Oudin was our symbol of belief - a theme that runs through nearly every WTA contest. When the two fierce women clashed in the U.S. Open's 4th round, they did not disappoint. Some will say that Sharapova's 21 double faults lessened the quality of this match. To me, it only added to the drama. Not only was Sharapova fighting Oudin, she was also fighting herself.

Emotionally, this match was riveting. It was amazingly tense, but also high in emotional spirit. "I try to pretend like it's not, like, Arthur Ashe Stadium, playing Maria Sharapova," Oudin said. "Sometimes I just tell myself I'm playing one of my friends, so it's not a big deal."

Oudin's mental approach worked, and she advanced to her first-ever Grand-Slam quarterfinal.

Intensely Dramatic Match # 5: Pennetta over Zvonareva in 4th Round Thriller at U.S. Open

This one was the quintessential cliffhanger. Pennetta, sure to die, facing 6 match points in the 81-minute second set (four at 5-6 and two more in the tiebreak), wiggled her way off the cliff.

In the third set she slammed Zvonareva 6-0. It wasn't much of a set, but the second set was good enough to more than make up for a lack of down-the-stretch drama. Emotionally, Zvonareva's collapse was difficult to watch. So close to victory, and hurting so much physically (who could forget the tape on both knees and her ankle?), it was torture for the Russian to lose.
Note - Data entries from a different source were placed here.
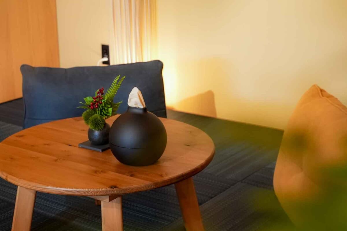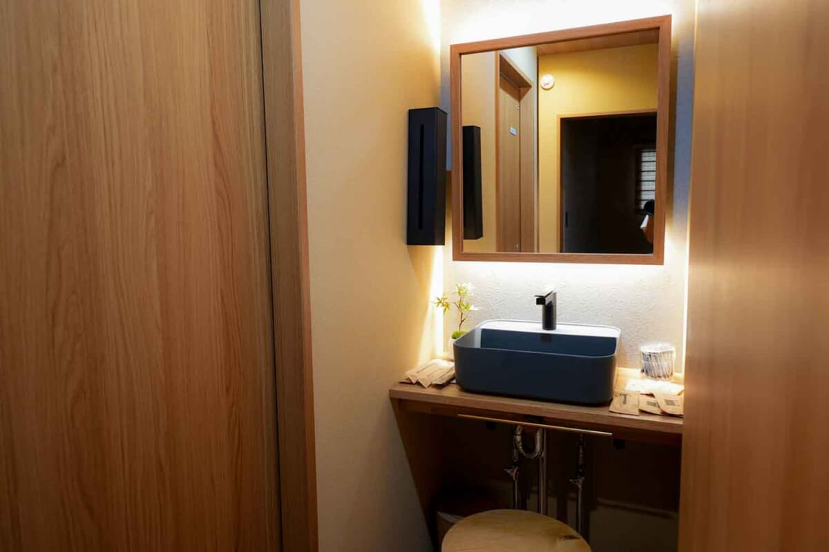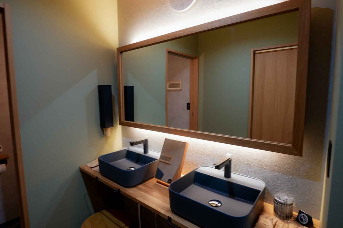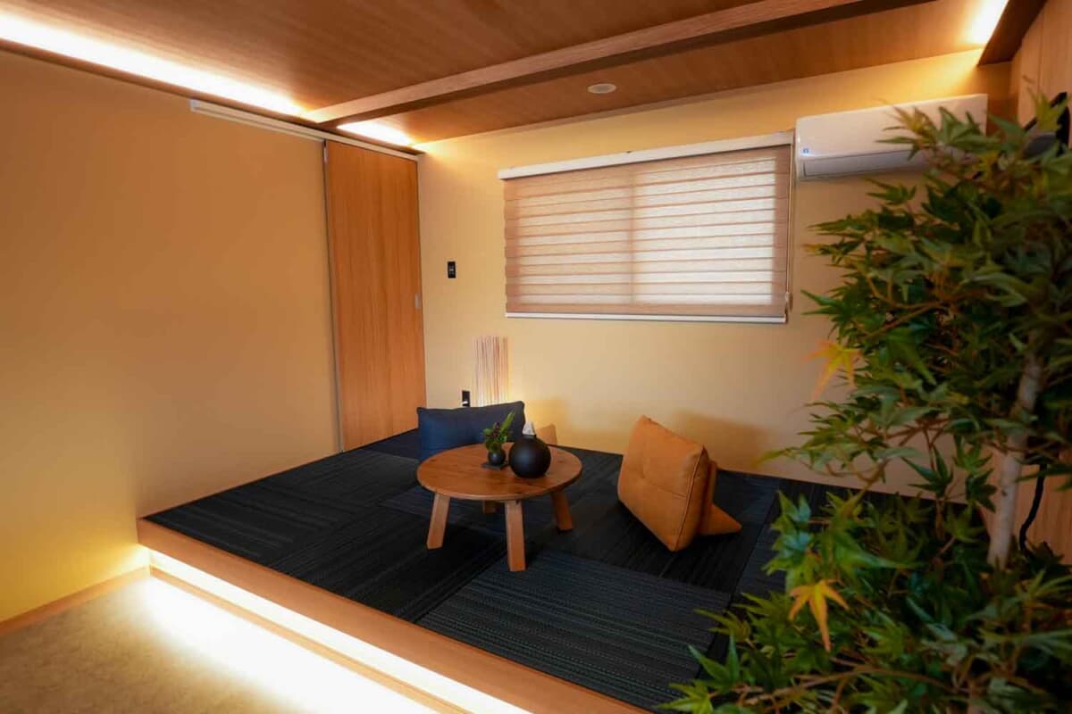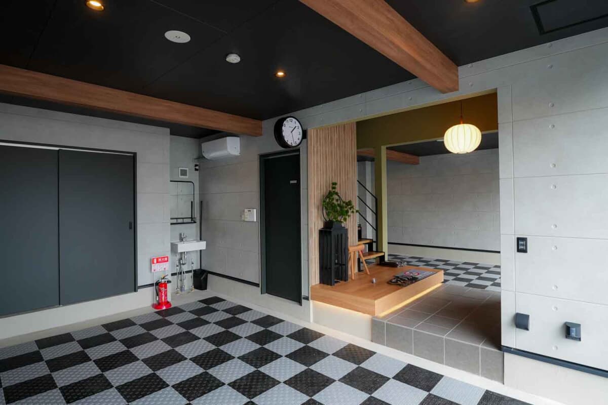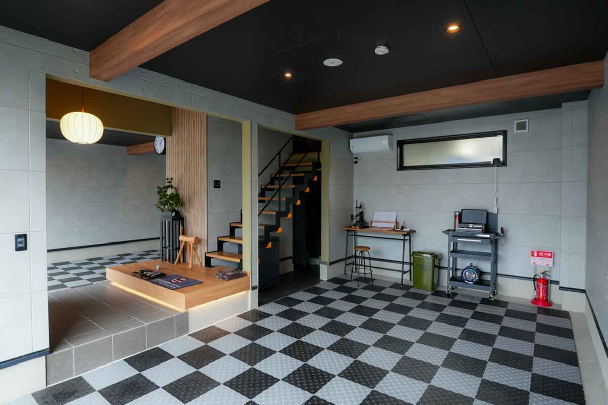 ちなみに、宮島のガレージホテルは同社にとって2号店となる。山陽自動車道路の五日市ICからほど近い1号店は、1階が大型SUVも余裕で納められるガレージ、2階が2名まで宿泊可能な宿泊スペースで、シンプルクリーンな作りが特徴だ。対する宮島は町屋をイメージした、よりプレミアムな和モダンをテーマに作り上げられた。
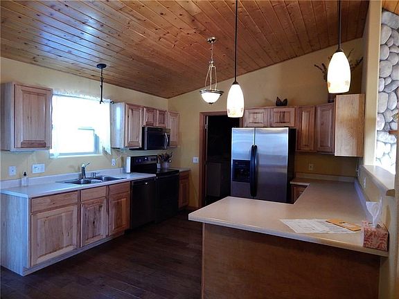 PRICE REDUCED AGAIN!! Ranch style cedar home sits on a large .54 acre lot with SNOWCAPPED MOUNTAIN VIEWS, only 25 minutes to Breck, and is on town water & sewer. Short term or long term rental potential. Hardwood floors, T&G vaulted ceiling, hickory cabinets, SS appliances, solid wood 6 panel doors throughout, floor to ceiling cobblestone gas fireplace, fenced backyard & an OS 2 car attached garage with opener. Master suite features a walk-in closet and full bath. Walking distance to rec center.
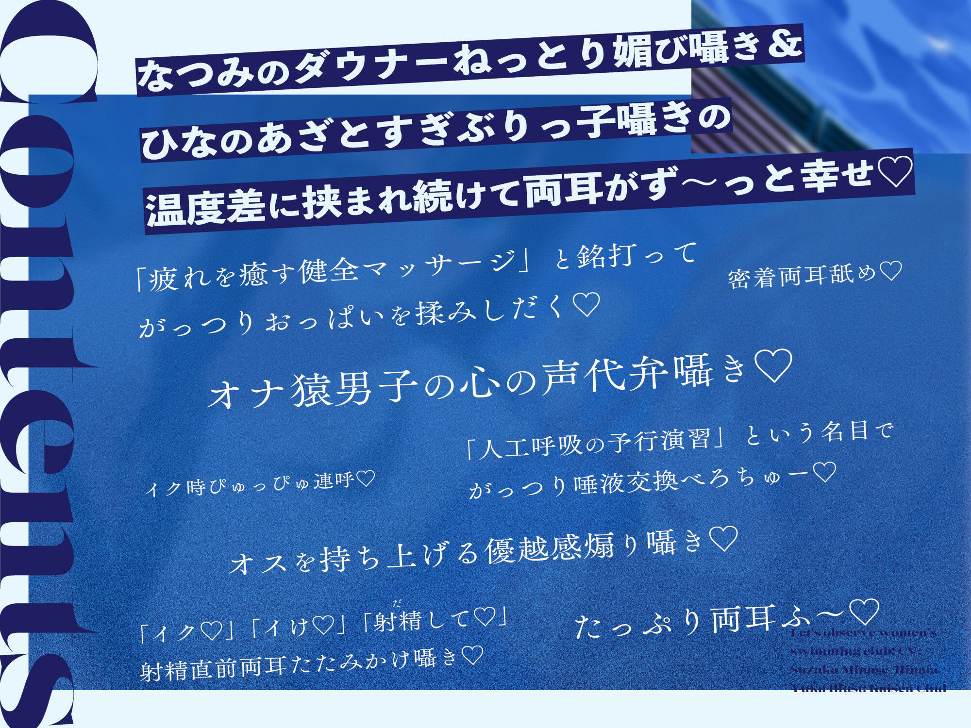 次の日、またもや興奮に歯止めがかからず、勃起おちんちんの腰へこを他の水泳部員に見せつけようとするあなたを、なつみとひなは女子更衣室に連れこみ、耳舐め手コキで気持ちよ〜くぴゅっぴゅっぴゅ〜させてくれます♪
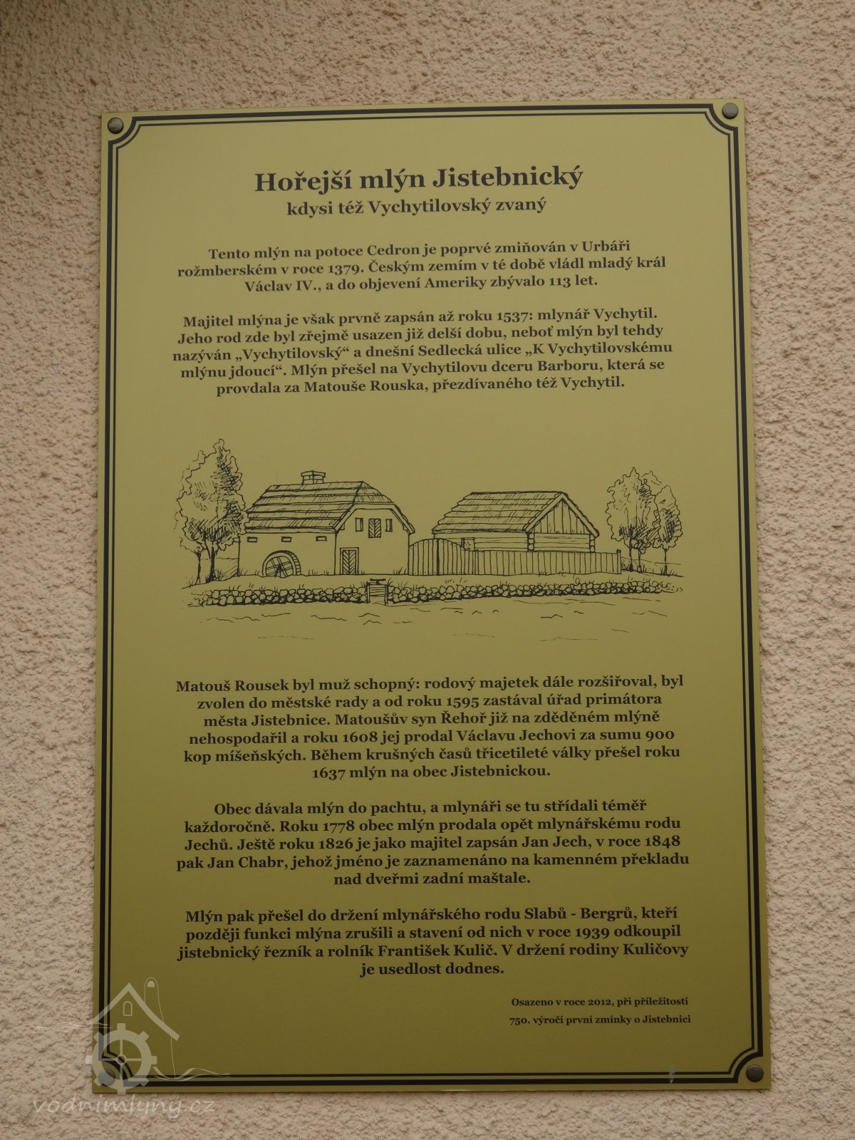 Mlýn „Selského družstva mlýnského a pekárenského v Jistebnici“. R. 1545 patřil mlýn tento zvaný po předešlém držiteli „Vychytilovský“ Matouši Rouskovi zvanému po mlýně též Vychytil. Tento učinil v sobotu na den sv. Vavřince L.P. 1555 přátelskou smlouvu se svým švagrem Pavlem, mlynářem v Sedlčanech o spravedlnost náležící jemu na tom mlýně a odkázanou jemu od mateře jeho ženy v sumě 50 kop míšeňských v ten způsob, že Matouš zaplatí 10 kop míšeňských při sv. Václavě r. 1556 a zbytek ve splátkách po 5 kopách až do zaplacení. Dluh splatil Matouš Rousek r. 1563 úplně. Kniha grunt. I. fol. 34.
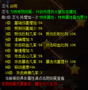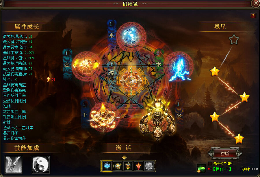 阴阳冕激活可通过吞噬道具“青砖”来让阴阳冕等级提升冕星。阴阳冕分为金、木、水、火、土。当金、木、水、火、土升到5级时,会冲冠永久得到混沌之力。激活金、木、水、火、土可获得不同效果加层和炫酷的外观。
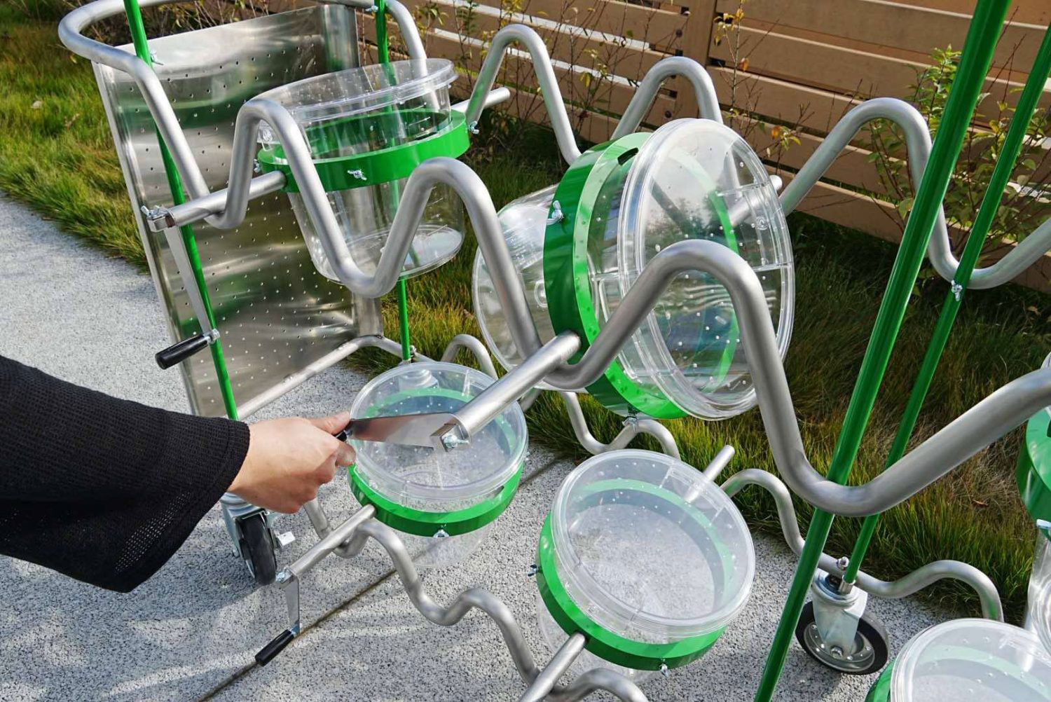ツバメアーキテクツによる「コンポスト屋台」。移動式の堆肥をつくる装置。集合住宅や商業施設での使用を想定し、“ネコ車とショッピングカートのハイブリッド”と言える形態を考案。手軽なサイズの“ノーマル”とステーションの役割も持つ“デラックス”を用意デラックス photo©ツバメアーキテクツ

Each of those match points drove her more over the cliff that Pennetta had just found refuge from.

Intensely Dramatic Match #4: Kuznetsova Pays Serena Back at Roland Garros

This match lasted nearly three hours, and when a clay-covered Kuznetsova finally outlasted Serena in three thrilling sets, she was well on her way to the French Open Crown. Beating Serena can open a few doors for you, especially if you do it at the right time. But it wasn't so simple for Kuznetsova. Serving, and one point away from going up 5-2 in the 2nd set, she took a spill on the clay. Before she could get it brushed off, Serena had drawn even in the match.

But the 3rd set, typically the domain of Serena, surprisingly went Kuznetsova's way. She played courageously, going for her shots and hitting out with wild abandon to keep Serena off balance. It was too much for Serena to handle. This was a monumental affair, and one that proved that Sveta is in that small group of players that can handle Serena when she doesn't beat herself.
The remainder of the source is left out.